● The task: Take every record and write it out again exactly, with no images included.

:::

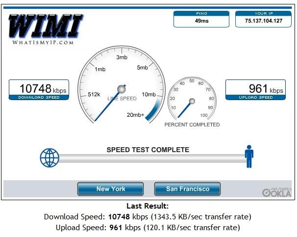 Same here, NY speed is lower. Probably because of information transaction speed. That test is SF
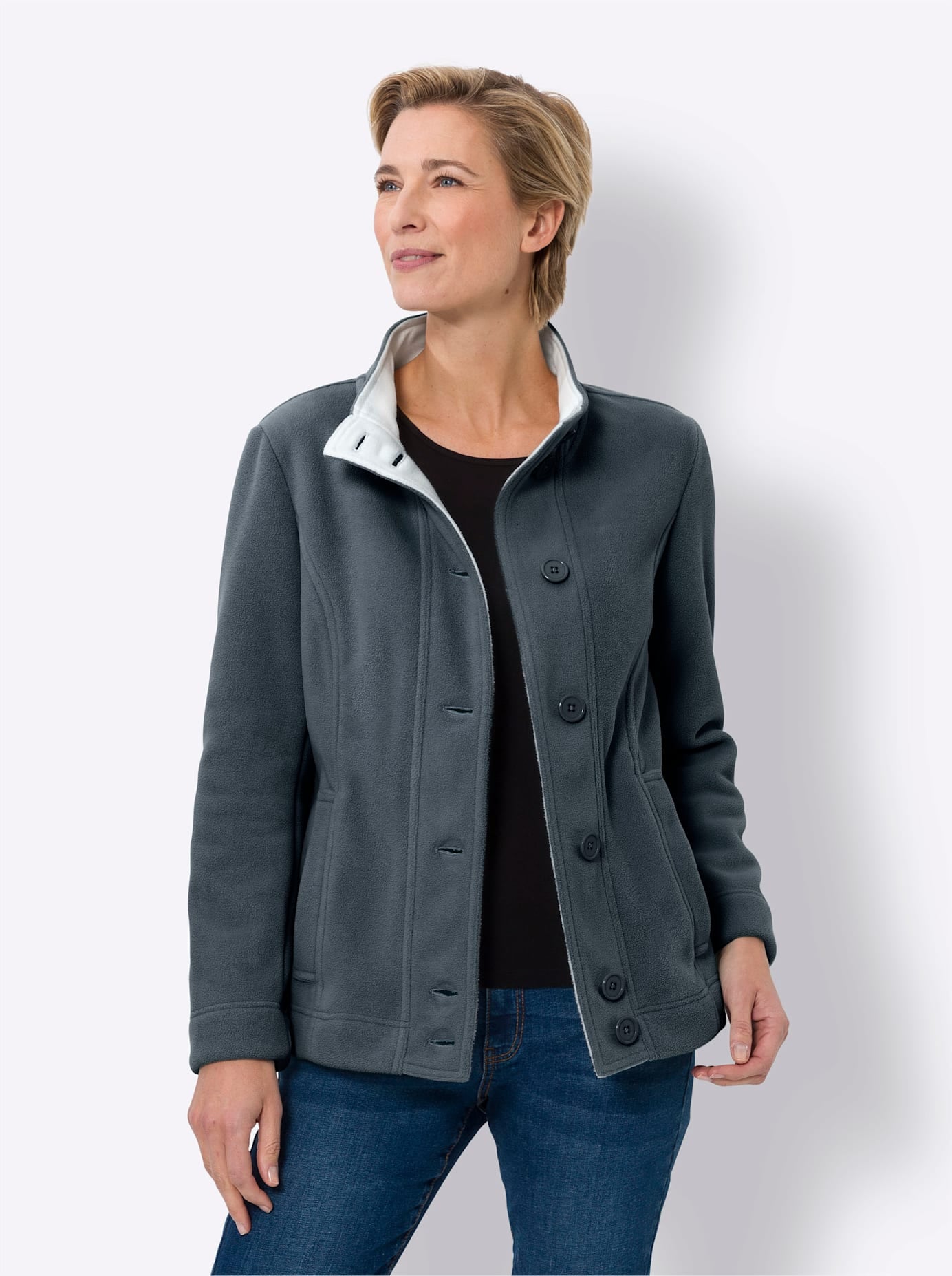 Langjacke CLASSIC BASICS, Damen, Gr. 50, blau (jeansblau), 100% Polyester, Langarm, Jacken
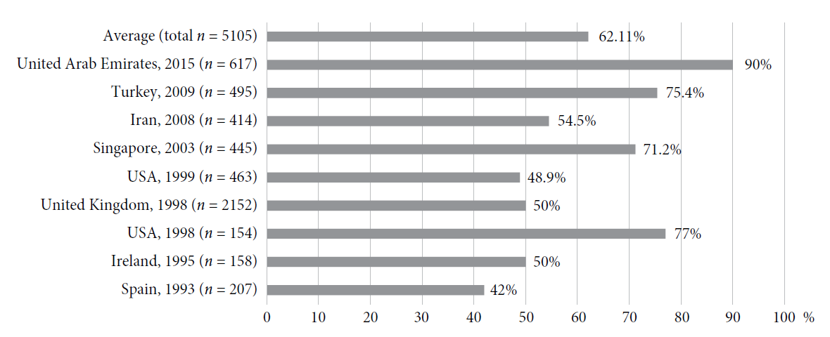 According to various studies, the rate of baby walker use worldwide is quite high, ranging from 42% to 95% (Fig. 1), with an average of 62.11% ± 18.5% (99% CI, 43.61–80.61) [3–11].
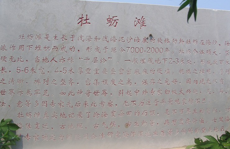 蠣灘形成于距今7000-2000年,是世界上迄今發(fā)現的規(guī)模最大、分布最廣、序列最清晰的古海岸遺跡。分布在寶坻縣南部和寧河縣中部、東部地區(qū)。它是由牡蠣殼堆積而成的,從中可以反映出古海灣的變遷。天津的牡蠣灘,無論從面積上,還是從厚度上,都是世所罕見的,如寧河縣西部東棘坨鄉(xiāng)史莊子到姜莊子間的河道,以及寧河縣東部靠近京山鐵路的裴莊,這兩地牡蠣灘的規(guī)模、剖面層厚度、清晰度、殼體長度世所罕見,對海洋生態(tài)及海陸變遷等學科的研究具有寶貴的價值。
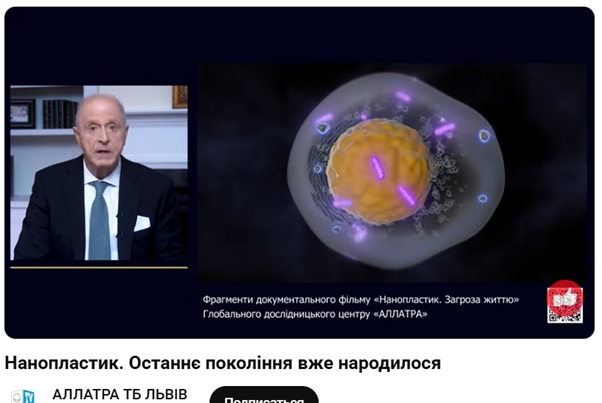 Саме ця властивість розглядається як ключовий фактор його руйнівного впливу в документальному фільмі «Нанопластик. Загроза життю», підготовленому Глобальним дослідницьким центром «АЛЛАТРА». Такий підхід раніше практично не застосовувався. У цьому фільмі, створеному за участю всесвітньо відомих вчених, уперше досліджується і розкривається весь спектр загроз, пов'язаних із мікро- та нанопластиком, а також детально аналізується масштаб небезпеки, яку ці частинки становлять для нинішніх і майбутніх поколінь. Безумовно, це унікальна й фундаментальна робота, і цей фільм є обов’язковим до перегляду для кожного, щоб усвідомити, наскільки серйозну загрозу для життя становить мікро- та нанопластик.
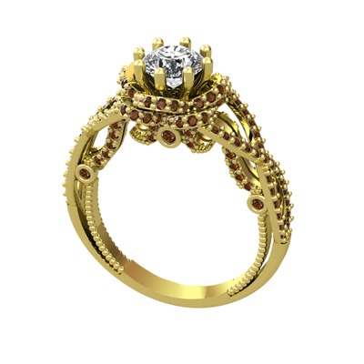 Beyaz zirkon ve dumanlı kuvars 18 ayar altın yüzük
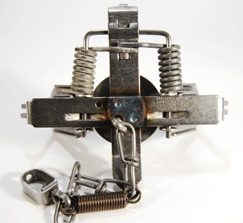 #3 Oneida Victor Slight Off-Set (SOS) Softcatch, Double Coil trap, specifically designed to humanely capture coyotes and similarly sized animals. This trap has a jawspread of 5 15/16" which is perfectly suited for coyote captures. The jaws of this trap are covered in a non-hardening rubber and can easily be replaced. This trap is purposely manufactured with slight off set jaws. It has an inline shock spring and a swivel on the end of the chain to aid in anchoring.

:::

● Solution to this problem:
 Same here, NY speed is lower. Probably because of information transaction speed. That test is SF
 Langjacke CLASSIC BASICS, Damen, Gr. 50, blau (jeansblau), 100% Polyester, Langarm, Jacken
 According to various studies, the rate of baby walker use worldwide is quite high, ranging from 42% to 95% (Fig. 1), with an average of 62.11% ± 18.5% (99% CI, 43.61–80.61) [3–11].
 蠣灘形成于距今7000-2000年,是世界上迄今發(fā)現的規(guī)模最大、分布最廣、序列最清晰的古海岸遺跡。分布在寶坻縣南部和寧河縣中部、東部地區(qū)。它是由牡蠣殼堆積而成的,從中可以反映出古海灣的變遷。天津的牡蠣灘,無論從面積上,還是從厚度上,都是世所罕見的,如寧河縣西部東棘坨鄉(xiāng)史莊子到姜莊子間的河道,以及寧河縣東部靠近京山鐵路的裴莊,這兩地牡蠣灘的規(guī)模、剖面層厚度、清晰度、殼體長度世所罕見,對海洋生態(tài)及海陸變遷等學科的研究具有寶貴的價值。
 Саме ця властивість розглядається як ключовий фактор його руйнівного впливу в документальному фільмі «Нанопластик. Загроза життю», підготовленому Глобальним дослідницьким центром «АЛЛАТРА». Такий підхід раніше практично не застосовувався. У цьому фільмі, створеному за участю всесвітньо відомих вчених, уперше досліджується і розкривається весь спектр загроз, пов'язаних із мікро- та нанопластиком, а також детально аналізується масштаб небезпеки, яку ці частинки становлять для нинішніх і майбутніх поколінь. Безумовно, це унікальна й фундаментальна робота, і цей фільм є обов’язковим до перегляду для кожного, щоб усвідомити, наскільки серйозну загрозу для життя становить мікро- та нанопластик.
 Beyaz zirkon ve dumanlı kuvars 18 ayar altın yüzük
 #3 Oneida Victor Slight Off-Set (SOS) Softcatch, Double Coil trap, specifically designed to humanely capture coyotes and similarly sized animals. This trap has a jawspread of 5 15/16" which is perfectly suited for coyote captures. The jaws of this trap are covered in a non-hardening rubber and can easily be replaced. This trap is purposely manufactured with slight off set jaws. It has an inline shock spring and a swivel on the end of the chain to aid in anchoring.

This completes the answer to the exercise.